(EXERCISE INPUTS begins)

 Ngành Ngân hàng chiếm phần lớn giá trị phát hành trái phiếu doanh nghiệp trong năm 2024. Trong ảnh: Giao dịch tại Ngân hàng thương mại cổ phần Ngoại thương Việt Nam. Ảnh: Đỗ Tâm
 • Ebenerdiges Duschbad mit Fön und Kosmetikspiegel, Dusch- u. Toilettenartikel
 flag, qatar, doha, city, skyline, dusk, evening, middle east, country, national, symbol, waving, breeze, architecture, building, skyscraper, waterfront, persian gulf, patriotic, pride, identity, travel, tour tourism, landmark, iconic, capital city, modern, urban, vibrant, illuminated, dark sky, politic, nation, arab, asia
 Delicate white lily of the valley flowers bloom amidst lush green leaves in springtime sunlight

(EXERCISE INPUTS ends)
(EXERCISE INPUTS begins)

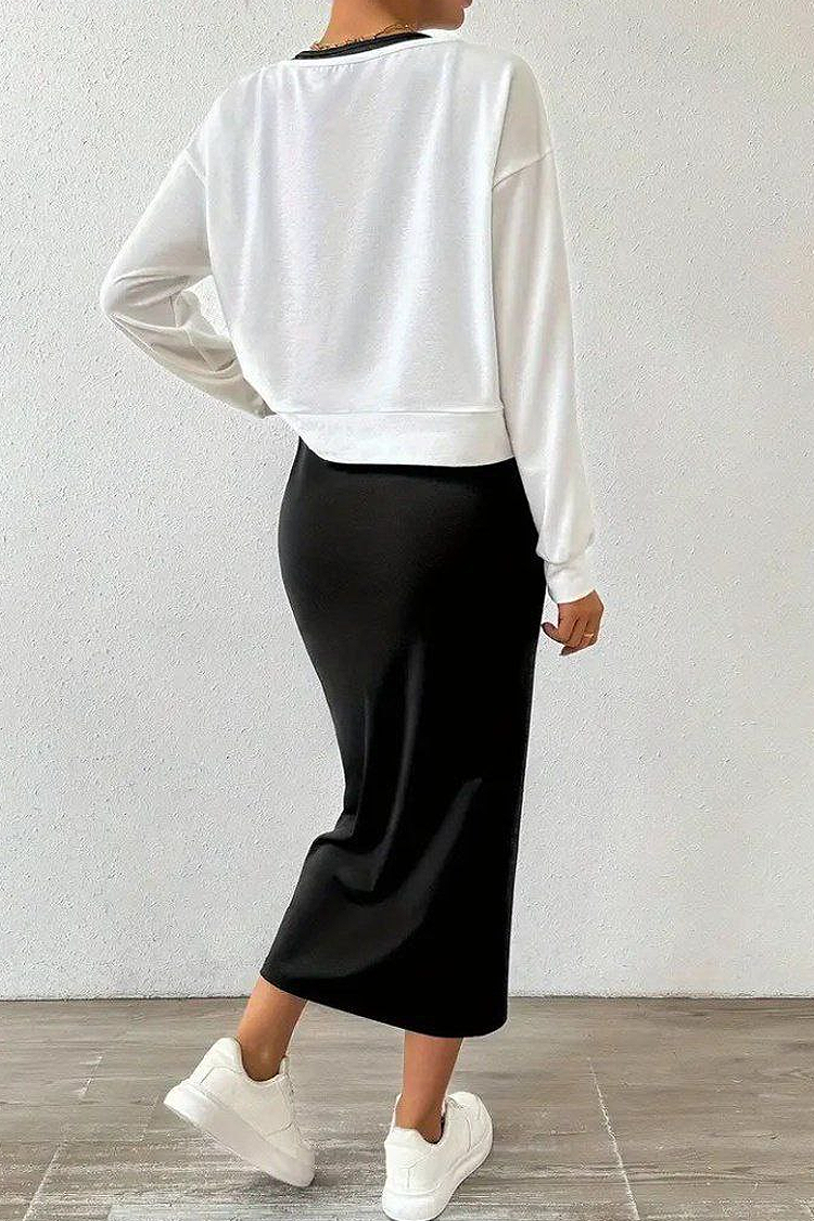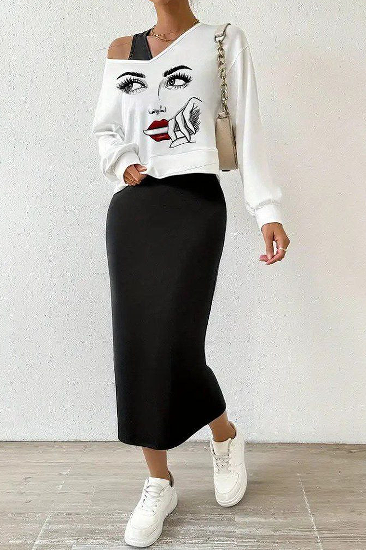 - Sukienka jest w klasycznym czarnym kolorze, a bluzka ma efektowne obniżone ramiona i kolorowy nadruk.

(EXERCISE INPUTS ends)

§ **EXERCISE DETAILS**:
Repeat exactly the lines of the listing above, from the one with "Dusch- u. Toilettenartikel" down to the one with "Delicate white lily"; both of those lines belong in the range.

§ **OUTPUT OF THE TASK**:
 • Ebenerdiges Duschbad mit Fön und Kosmetikspiegel, Dusch- u. Toilettenartikel
 flag, qatar, doha, city, skyline, dusk, evening, middle east, country, national, symbol, waving, breeze, architecture, building, skyscraper, waterfront, persian gulf, patriotic, pride, identity, travel, tour tourism, landmark, iconic, capital city, modern, urban, vibrant, illuminated, dark sky, politic, nation, arab, asia
 Delicate white lily of the valley flowers bloom amidst lush green leaves in springtime sunlight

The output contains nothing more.